Information supplied:
#####

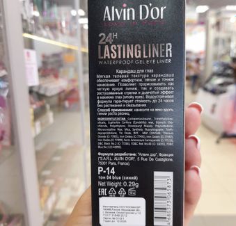 - Alvin Dor Карандаш для глаз гелевый водостойкий P-14 LASTINGLINER по выгодной цене 279 р. руб.;
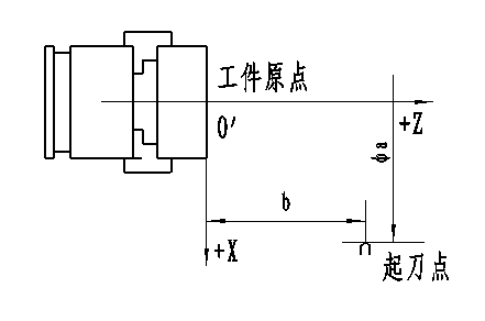 工件图样给出后,首先应找出图样上的设计基准点。其他各项尺寸均是以点为基准进行标注。该基准点称为工件原点(如下图所示,O′点即为工件原点)。以工件原点为坐标原点建立一个Z轴与X轴的直角坐标系,称为工件坐标系。如图4所示:
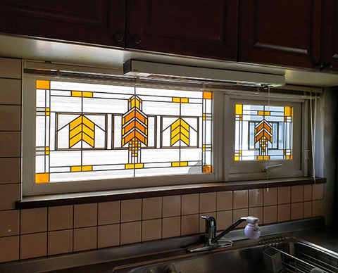 同じモチーフでデザインを少し変えて統一感のあるステンドグラスになっています。

#####

Work to be completed:
Repeat every line above exactly, but omit all images.

Your response:
 - Alvin Dor Карандаш для глаз гелевый водостойкий P-14 LASTINGLINER по выгодной цене 279 р. руб.;
 工件图样给出后,首先应找出图样上的设计基准点。其他各项尺寸均是以点为基准进行标注。该基准点称为工件原点(如下图所示,O′点即为工件原点)。以工件原点为坐标原点建立一个Z轴与X轴的直角坐标系,称为工件坐标系。如图4所示:
 同じモチーフでデザインを少し変えて統一感のあるステンドグラスになっています。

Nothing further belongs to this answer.